Check out the following books to learn more about butterflies and starting a butterfly garden:

The Butterfly Book: a kid's guide to attracting, raising, and keeping butterflies, by Kersten Hamilton. Packed with facts about butterflies! Learn about butterfly life stages, body structures, and habits, as well as the best plants to add to a garden to attract these winged jewels. As a bonus, the book includes a field guide for 20 common North American butterflies.

A Place for Butterflies, by Melissa Stewart. From the Eastern Tiger Swallowtail to the Oregon Silverspot, this picture book highlights twelve North American butterflies and their habitats. With an emphasis on conservation, the author suggest specific actions people can take to help these insects “live and grow.” Richly detailed paintings show close-up portraits of each butterfly against their specific habitats. A great book to introduce children to the concept of habitat protection.

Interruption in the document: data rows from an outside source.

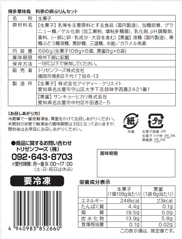 生菓子:乳等を主要原料とする食品(国内製造)、加糖卵黄、グラニュー糖/ゲル化剤(加工澱粉、増粘多糖類)、乳化剤、pH調整剤、 香料、(一部に卵・乳成分・大豆を含む)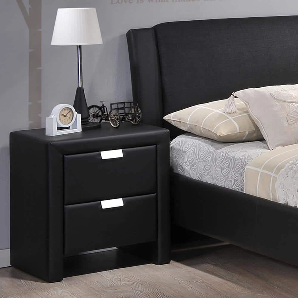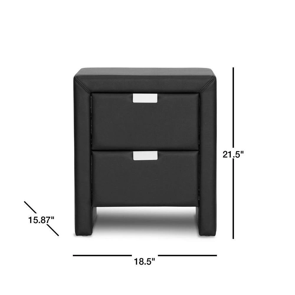 The Frey Designer Nightstand makes it easy to stash your odds and ends, turning clutter into sleek contemporary goodness. The Frey Nightstand is made in Malaysia with a sturdy plywood and hardwood frame topped with a thin layer of foam padding and black faux leather. Silver drawer pulls not only allow the 2-drawers to be opened with ease but add another layer of modern polish. The modern bedside table, which comes fully assembled, is also available in white (sold separately). To clean, wipe with a damp cloth. Product dimension: 18.5 in. W x 15.87 in. D x 21.5 in. H, drawer(2): 12.37 in. W x 12.62 in. D x 5.5 in. H.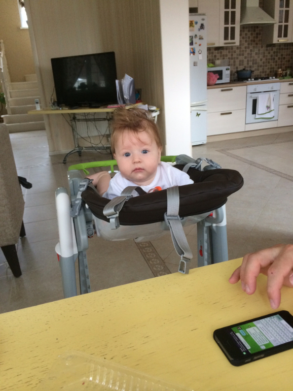 Развивашки: особо впечатляющих в этом месяце нет, но все же: лежа на животе может отрывать локотки опираясь на ладошки, еще немного и думаю скоро встанет на четвереньки , тк может уже давно вставать на коленочки , но ручки и головка при этом лежат на поверхности. Новое умелка это когда держу его на ручках и папа подходит и говорит иди ко мне ( манит его) то Макс тянет ручки и его торс наклоняется в сторону папы , и соответственно если деть на руках у папы то тянется ко мне.

Velma Gratch and the Way Cool Butterfly, by Alan Madison. With two “practically perfect” older sisters, Velma can’t help but feel a bit overshadowed. When she starts first grade, Velma struggles to find a way to become as memorable as her sisters. At first she misbehaves, but then she becomes fascinated with butterflies in science class. Velma pours over library books to learn fabulous facts about these way cool insects. A trip to the butterfly conservation gives Velma the chance to prove she is way cool too. Factual information is woven into this delightful story, making it a nice companion to a unit on butterflies.
Visit the Good Green Read page of this blog for more books on butterflies!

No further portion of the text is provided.